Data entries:
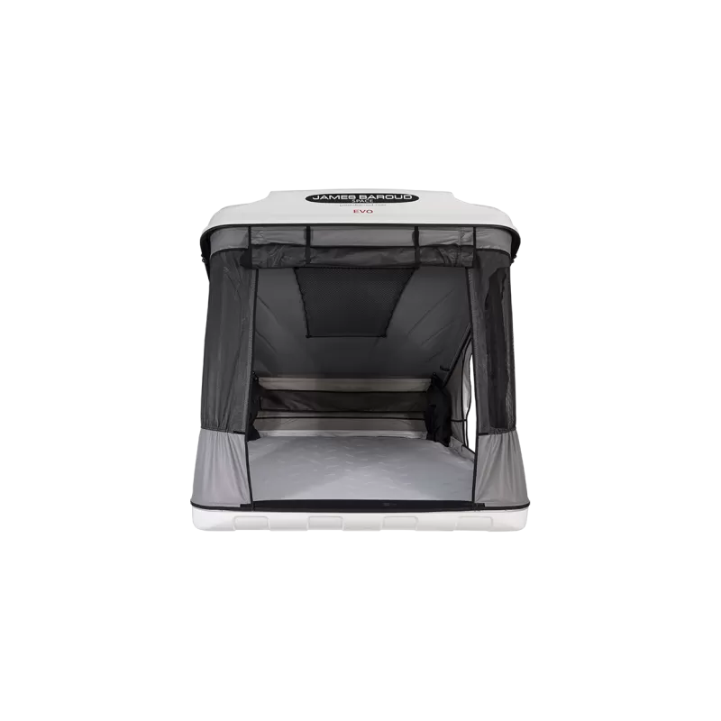 Tente de toit de la marque JAMES BAROUD, le modèle Space Evo est un équipement extérieur idéal pour dormir confortablement sans contrainte, la tente de toit à coque rigide est simplement fixée sur des barres de toit de fourgon ou de voiture.
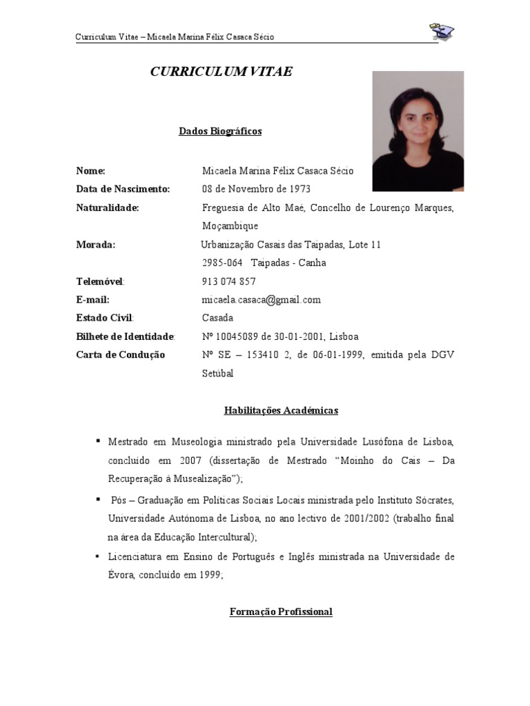Curriculum Vitae – Micaela Marina Félix Casaca Sécio
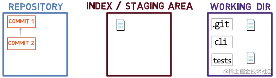 你可能使用过的其它和 git 类似工具,但是 git 并不会像其它工具那样直接将变化从 工作树 提交到 仓库。相反,它会先把这些变化注册到一个被称为 索引(index) 或 暂存区(staging area) 的地方。
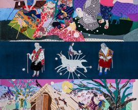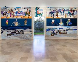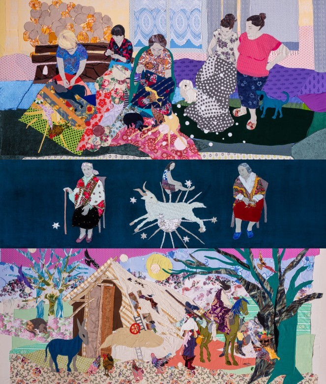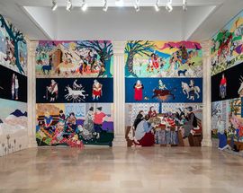 Małgorzata Mirga-Tas's groundbreaking exhibition, Przeczarowując świat (ENG: Re-enchanting the world) is a powerful and inspiring artistic manifesto that challenges stereotypes and broadens the history of art by presenting Roma culture, the largest minority in Europe, through a contemporary lens. Displayed at the Venice Biennale, then in Ferrara, and now in Warsaw, the exhibition is the first time a Roma artist has ever been represented in the more than 120-year history of the event. The installation is an impressive display of twelve large-format fabrics, corresponding to the twelve months of the calendar, that draws inspiration from astrological frescoes found in the Palazzo Schifanoia in Ferrara. The exhibit showcases Małgorzata Mirgi-Tas's re-appropriation of key motifs in European art history by incorporating them into depictions of Polish-Roma culture and reversing the stereotypical narrative. The upper band presents the history of Roma migrations around Europe, challenging anti-Roma stereotypes, while the middle lane is an archive of Roma history built from a female perspective, with symbols borrowed from tarot cards and zodiac signs. Finally, the bottom strip of the composition presents twelve paintings that show contemporary everyday life in the artist's home village, Czarna Góra, and the areas with which she is most associated. The exhibition proposes a new narrative about the constant cultural migration of images and mutual influences between Roma, Polish, and European culture, proposing an enchantment, a non-violent process intended to remove the evil spell from the world and help regain a sense of community and rebuild relationships with others.
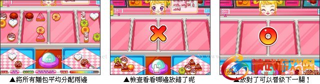 阿 sue 再镇上新开了一间麵包店,里面有各式各样的麵包,看了真是让人想要每种口味都来一个,游戏画面盘子上会摆上各种麵包,你要平均将所有麵包分在两个包装纸上,两边的数量都是要一样的,再按下中间的ok键就可以了,时间会越来越快喔!快加快速度。
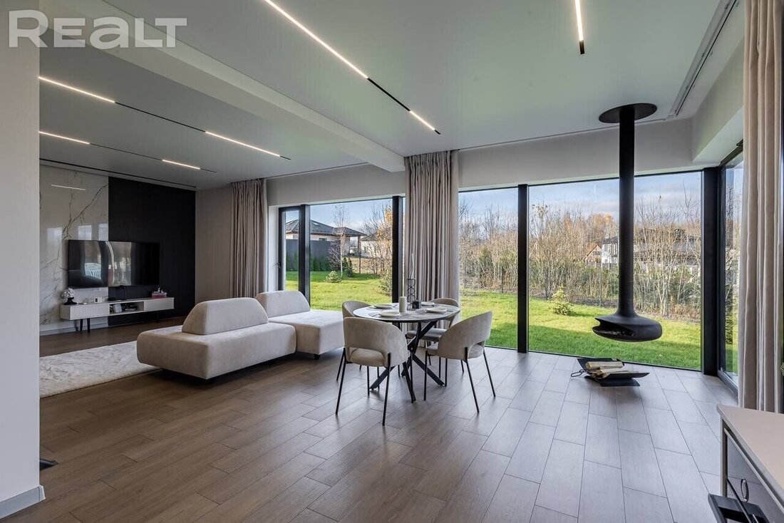 Нашли дом под Минском с минималистичным стильным ремонтом. Монохромные цвета интерьера разбавляют яркие краски природы по другую сторону панорамных окон. Здесь все обустроено для комфортной жизни: есть центральный водопровод, газовое отопление, немаловажно — близкое расположение к столице. Показываем, как выглядит этот дом и сколько за него просят.
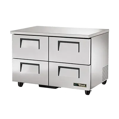 Boost your restaurant's performance with the True Manufacturing TUC-48F-D-4-HC Freezer. This undercounter reach-in freezer is designed to meet the demands of a busy commercial kitchen. With its stainless steel top and sides, it not only looks sleek but also ensures durability and easy cleaning. The freezer features four drawers, each capable of accommodating a 12" x 18" x 6" pan (pan not included), providing ample storage space for your ingredients. The aluminum interior with a stainless steel floor further enhances its durability and hygiene. Equipped with 5" castors, this freezer can be easily moved for cleaning or rearranging your kitchen layout. The TUC-48F-D-4-HC uses R290 Hydrocarbon refrigerant, which is not only environmentally friendly but also ensures efficient cooling. With a 1/2 HP compressor, this freezer delivers reliable performance, while the 115v/60/1-ph power supply ensures compatibility with standard outlets. Trust True Manufacturing, a reputable brand known for its quality and reliability, and invest in the TUC-48F-D-4-HC Freezer to enhance your restaurant's efficiency and productivity.

> What you are asked to do
Output the lines above in full and exactly. Leave out every picture.

> Answer below
 Tente de toit de la marque JAMES BAROUD, le modèle Space Evo est un équipement extérieur idéal pour dormir confortablement sans contrainte, la tente de toit à coque rigide est simplement fixée sur des barres de toit de fourgon ou de voiture.
Curriculum Vitae – Micaela Marina Félix Casaca Sécio
 你可能使用过的其它和 git 类似工具,但是 git 并不会像其它工具那样直接将变化从 工作树 提交到 仓库。相反,它会先把这些变化注册到一个被称为 索引(index) 或 暂存区(staging area) 的地方。
 Małgorzata Mirga-Tas's groundbreaking exhibition, Przeczarowując świat (ENG: Re-enchanting the world) is a powerful and inspiring artistic manifesto that challenges stereotypes and broadens the history of art by presenting Roma culture, the largest minority in Europe, through a contemporary lens. Displayed at the Venice Biennale, then in Ferrara, and now in Warsaw, the exhibition is the first time a Roma artist has ever been represented in the more than 120-year history of the event. The installation is an impressive display of twelve large-format fabrics, corresponding to the twelve months of the calendar, that draws inspiration from astrological frescoes found in the Palazzo Schifanoia in Ferrara. The exhibit showcases Małgorzata Mirgi-Tas's re-appropriation of key motifs in European art history by incorporating them into depictions of Polish-Roma culture and reversing the stereotypical narrative. The upper band presents the history of Roma migrations around Europe, challenging anti-Roma stereotypes, while the middle lane is an archive of Roma history built from a female perspective, with symbols borrowed from tarot cards and zodiac signs. Finally, the bottom strip of the composition presents twelve paintings that show contemporary everyday life in the artist's home village, Czarna Góra, and the areas with which she is most associated. The exhibition proposes a new narrative about the constant cultural migration of images and mutual influences between Roma, Polish, and European culture, proposing an enchantment, a non-violent process intended to remove the evil spell from the world and help regain a sense of community and rebuild relationships with others.
 阿 sue 再镇上新开了一间麵包店,里面有各式各样的麵包,看了真是让人想要每种口味都来一个,游戏画面盘子上会摆上各种麵包,你要平均将所有麵包分在两个包装纸上,两边的数量都是要一样的,再按下中间的ok键就可以了,时间会越来越快喔!快加快速度。
 Нашли дом под Минском с минималистичным стильным ремонтом. Монохромные цвета интерьера разбавляют яркие краски природы по другую сторону панорамных окон. Здесь все обустроено для комфортной жизни: есть центральный водопровод, газовое отопление, немаловажно — близкое расположение к столице. Показываем, как выглядит этот дом и сколько за него просят.
 Boost your restaurant's performance with the True Manufacturing TUC-48F-D-4-HC Freezer. This undercounter reach-in freezer is designed to meet the demands of a busy commercial kitchen. With its stainless steel top and sides, it not only looks sleek but also ensures durability and easy cleaning. The freezer features four drawers, each capable of accommodating a 12" x 18" x 6" pan (pan not included), providing ample storage space for your ingredients. The aluminum interior with a stainless steel floor further enhances its durability and hygiene. Equipped with 5" castors, this freezer can be easily moved for cleaning or rearranging your kitchen layout. The TUC-48F-D-4-HC uses R290 Hydrocarbon refrigerant, which is not only environmentally friendly but also ensures efficient cooling. With a 1/2 HP compressor, this freezer delivers reliable performance, while the 115v/60/1-ph power supply ensures compatibility with standard outlets. Trust True Manufacturing, a reputable brand known for its quality and reliability, and invest in the TUC-48F-D-4-HC Freezer to enhance your restaurant's efficiency and productivity.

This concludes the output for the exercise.